Ese proceso también permitió explorar nuevas alternativas productivas, como la producción de semillas u hortalizas. A su vez, el factor económico tuvo un peso importante, primero por la disponibilidad de crédito y tarifas subsidiadas, y ahora por la aparición de un régimen especial con beneficios impositivos y contables para los sistemas de riego, como el RIMI.
"Las nuevas condiciones macroeconómicas permiten contemplar que las empresas agropecuarias necesitan intensificar su producción, aumentar su productividad y eficientizar el uso de insumos para ser rentables. Las decisiones de inversión se orientan hacia la incorporación de alternativas que cumplan con esas premisas y el riego es una de ellas", explicó Rotili.
Según el especialista, esa incorporación también permite que el riesgo empresario y productivo disminuya considerablemente. La clave está en que el agua, manejada de manera estratégica, permite estabilizar los rindes y planificar planteos con mayor previsibilidad.

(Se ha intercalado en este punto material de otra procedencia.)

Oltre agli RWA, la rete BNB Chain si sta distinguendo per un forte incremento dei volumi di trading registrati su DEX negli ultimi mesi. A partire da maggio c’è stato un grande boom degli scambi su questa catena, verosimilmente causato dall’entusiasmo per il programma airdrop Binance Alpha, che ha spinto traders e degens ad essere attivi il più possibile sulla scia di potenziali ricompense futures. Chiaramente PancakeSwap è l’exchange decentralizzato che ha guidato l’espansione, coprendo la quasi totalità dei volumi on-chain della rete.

Más productividad, pero con manejo fino
El efecto del riego no se limita a suplir la falta de precipitaciones, sino que para Rotili, su verdadero valor está en permitir un manejo más ofensivo de los cultivos. En este sentido aseguró: "Ofrecer agua en cantidad adecuada a los sistemas de producción y manejar de manera ofensiva los cultivos permite capturar altos márgenes de manera consistente".
Sin embargo, el investigador remarcó que, antes de avanzar, es necesario definir qué rol va a cumplir el riego dentro del sistema y qué objetivo productivo se busca alcanzar. Para eso, se deben evaluar la cantidad y calidad de agua disponible, los requerimientos del planteo y las condiciones climáticas.

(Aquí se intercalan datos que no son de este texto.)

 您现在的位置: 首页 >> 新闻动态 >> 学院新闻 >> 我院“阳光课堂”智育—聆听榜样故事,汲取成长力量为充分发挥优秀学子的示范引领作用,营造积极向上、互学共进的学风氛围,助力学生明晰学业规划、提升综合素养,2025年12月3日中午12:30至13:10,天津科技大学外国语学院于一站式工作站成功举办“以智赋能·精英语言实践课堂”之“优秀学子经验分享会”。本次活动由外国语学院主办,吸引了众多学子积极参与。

"El principal error radica en no comprender a partir de qué indicadores tomar la decisión de regar o dejar de regar", advirtió Rotili. En ese punto, el monitoreo se vuelve central para evitar decisiones basadas sólo en la disponibilidad del equipo o en una lectura incompleta del ambiente.

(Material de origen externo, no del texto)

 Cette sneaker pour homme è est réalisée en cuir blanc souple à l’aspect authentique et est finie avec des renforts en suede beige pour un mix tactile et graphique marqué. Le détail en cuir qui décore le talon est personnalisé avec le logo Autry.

Otro aspecto relevante es la radiación, ya que cuando el agua deja de ser una limitante, el desafío pasa por eficientizar la captura de energía. Por eso, decisiones como fecha de siembra, densidad, elección de genotipos, nutrición, protección y rotaciones pueden modificar el resultado final del sistema.
Los desafíos futuros
En el largo plazo, el especialista también marcó la capacidad de recarga de acuíferos, los posibles efectos sobre el suelo del agua con cierto nivel de salinidad y la necesidad de sostener la fertilidad química. Y agregó: "Otro desafío es sostener la fertilidad química del suelo, teniendo en cuenta que los sistemas agrícolas bajo riego generan una fuerte exportación de nutrientes en el grano a partir de su elevada productividad".
Para avanzar en ese camino, el monitoreo continuo de variables del suelo será determinante. Entre los indicadores mencionados se encuentran la conductividad eléctrica, el pH, el porcentaje de sodio intercambiable y los índices de nutrientes.
En cuanto al desempeño en los próximos años, Rotili aseguró: "Preveo una mayor difusión en términos de superficie y una mayor profesionalización que hagan ese trabajo más simplificado y ágil". El especialista también anticipó "una integración muy fuerte entre agricultura y ganadería o lechería", a partir de la estabilidad que el riego puede aportar a la producción de forraje en cantidad y calidad.
En ese escenario, la utilización de fuentes alternativas de energía, la telemetría y la generación de datos en tiempo real aparecen como innovaciones clave para transformar el manejo del agua en una herramienta cada vez más estratégica para el agro argentino. El desafío ya no será solo incorporar equipos, sino profesionalizar las decisiones para que cada milímetro aplicado responda a un objetivo productivo, económico y ambiental.